An Old Case of the Writer's Block

I am blocked.

Blocked like so many drains in New Orleans.

I'm not quite sure what to do about it other than write things. Unimportant things of no consequence. Like this. Just to get myself flowing, so to speak.

It's not working.

I'm supposed to be writing two plays. Neither are happening. Blocked, like I say. Blockety blocked blocked blocked.

But then I got a bit inspired. Started writing a short film. Was going well. Really well. I thought, by gosh, at this rate I could I have it finished by this afternoon. That was three days ago. And the two policemen have got no further with their enquiry at all. Andre Breton is trying to organise the Surrealists and Pitcairn is still standing around in Lexington, trying to understand why everyone's started brawling.

Ad nauseum.

Ad infinitum!

Tch.

Might have a cup of tea.

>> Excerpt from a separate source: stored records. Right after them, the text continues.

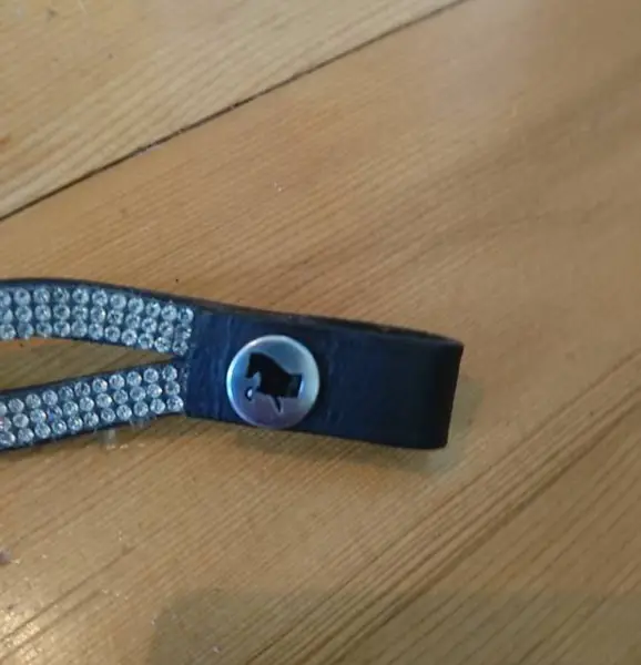 Mit vielen Glitzersteinchen, schöner Form und praktischem Druckknopf als Verschluss (hält sehr gut)
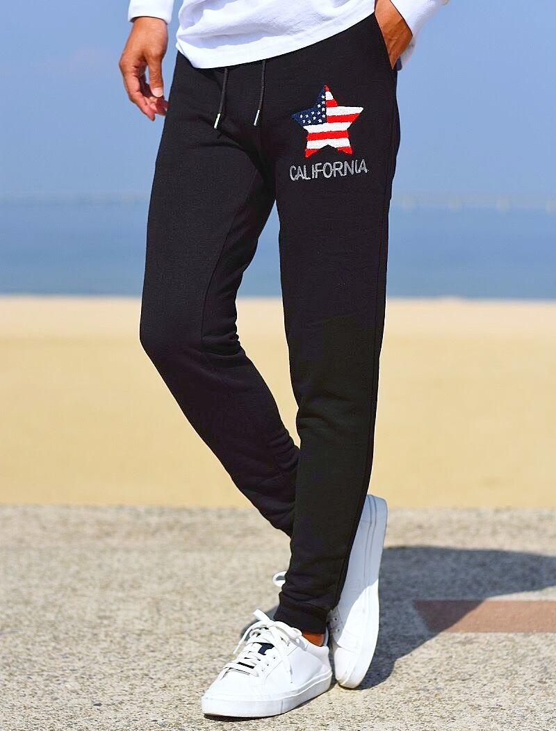 [ 星条旗 スター サガラ 刺繍 CALIFORNIA スウェット ジョガー パンツ ]
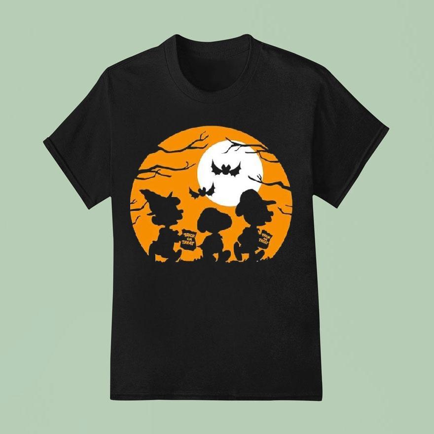 Your style, your tee with Great Pumpkin Charlie Brown Peanuts Trick Or Treat Silhouettes Shirt, get ready to celebrate Halloween in style with the Great Pumpkin Charlie Brown Peanuts Trick Or Treat Silhouettes Shirt! This nostalgic shirt captures the iconic scene of the gang going door to door in their costumes. A must-have for any Peanuts fan and perfect for a spooky night out.
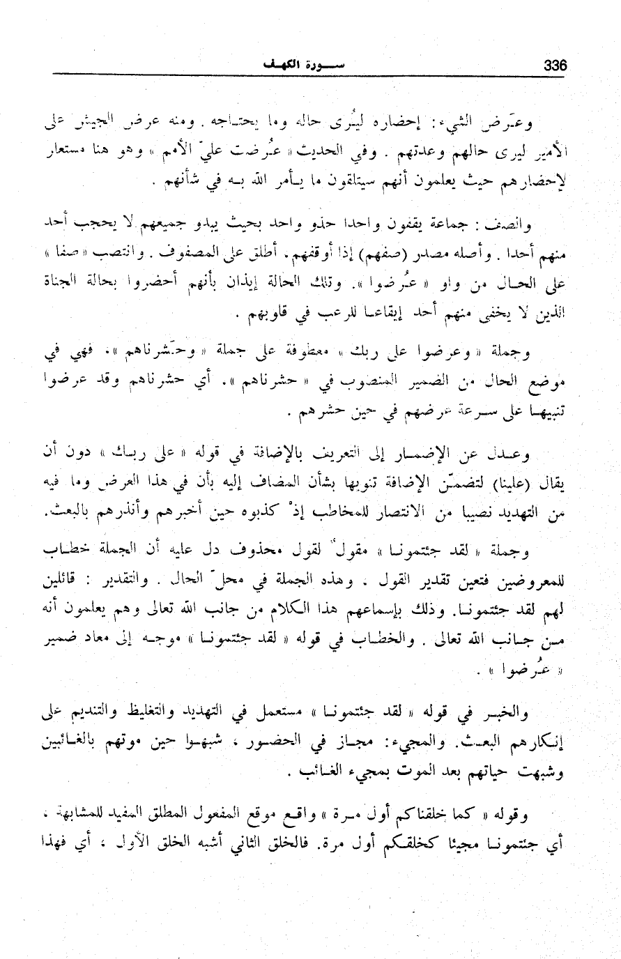 الْحَالِ مِنَ الضَّمِيرِ الْمَنْصُوبِ فِي حَشَرْناهُمْ، أَيْ حَشَرْنَاهُمْ وَقَدْ عُرِضُوا تَنْبِيهًا عَلَى سُرْعَةِ عَرْضِهِمْ فِي حِينِ حَشْرِهِمْ.

That usually helps.

1 comment:

James Duckworth said...

When stuck in this all-too familiar quandary, I find a few things have the potential to help me out.

1. I have an experience forced on me that changes me by a few degrees. Admittedly it's difficult to bring this on yourself, usually because you have no idea what the situation is going to be and how it's going to change you, and it's also rather time-consuming. I usually find that these experiences crash down on me when I'm least expecting it, and busy doing something else. "Life is what happens to us while we're busy making other plans" I think John Lennon once sang. If the circumstances are particularly devastating, you may need a cooling period before you can engage the intellect and put the ideas into words (or music).

2. Read something new and fairly random that grabs my interest. It usually puts ideas into my head. It's the above (a life experience) gone text-wise, and is thus a far more time-efficient method.

3. Find something that manages to be both fascinating and yet obscure, and steal it. Of course, you may need to warp the original ideas enough to avoid any charges of plagiarism should your source be discovered. But as Einstein said, "the secret of creativity is knowing how to hide your sources."